■ **The problem**
Restate word for word the section of the entries that opens at the line containing "Amtrak's eastbound California" and closes at the line containing "木雷 台历2026年新款油画", both lines kept, pictures dropped.

■ **Records for this task**
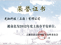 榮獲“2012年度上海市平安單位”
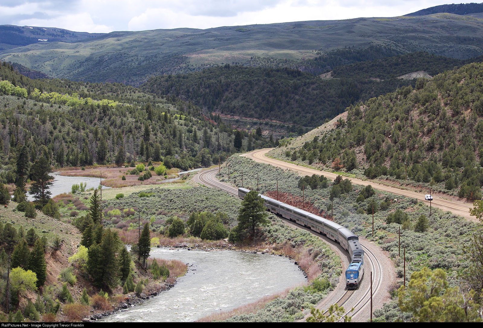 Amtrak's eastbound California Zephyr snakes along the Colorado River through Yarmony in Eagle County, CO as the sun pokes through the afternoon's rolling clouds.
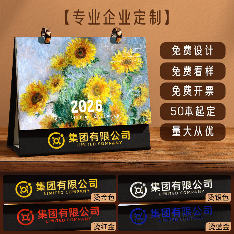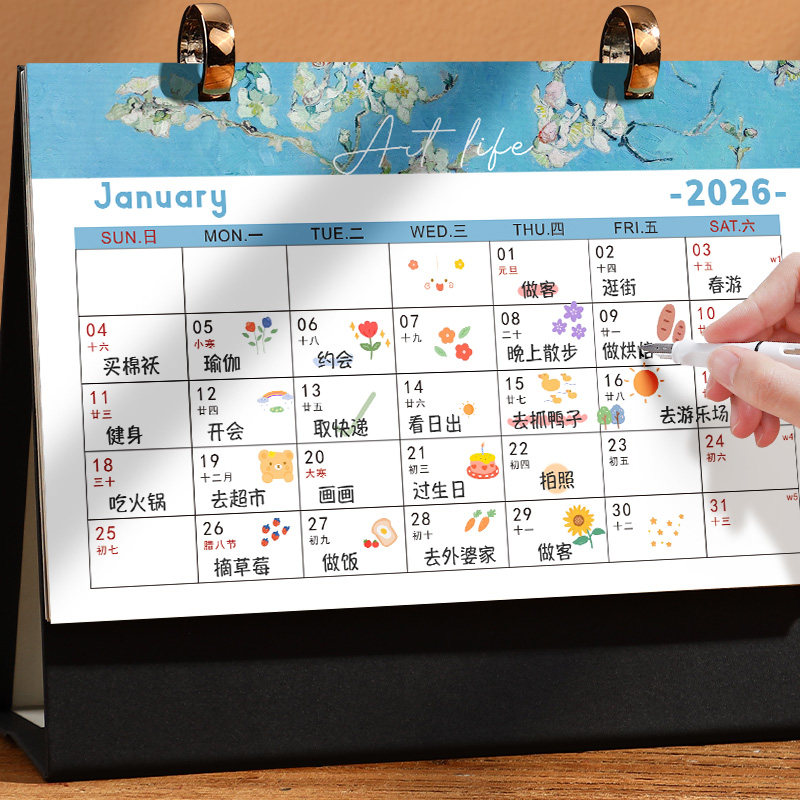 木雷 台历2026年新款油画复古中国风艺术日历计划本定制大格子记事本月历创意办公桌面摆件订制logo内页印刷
---
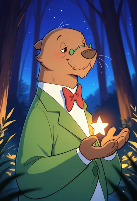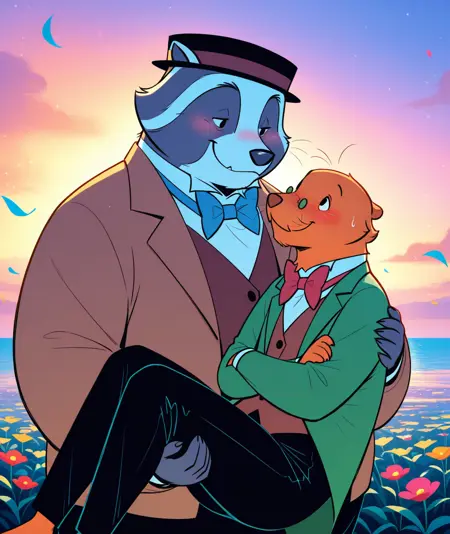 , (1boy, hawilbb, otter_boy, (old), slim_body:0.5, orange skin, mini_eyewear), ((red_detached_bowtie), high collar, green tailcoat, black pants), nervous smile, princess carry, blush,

■ **Your solution**
 Amtrak's eastbound California Zephyr snakes along the Colorado River through Yarmony in Eagle County, CO as the sun pokes through the afternoon's rolling clouds.
 木雷 台历2026年新款油画复古中国风艺术日历计划本定制大格子记事本月历创意办公桌面摆件订制logo内页印刷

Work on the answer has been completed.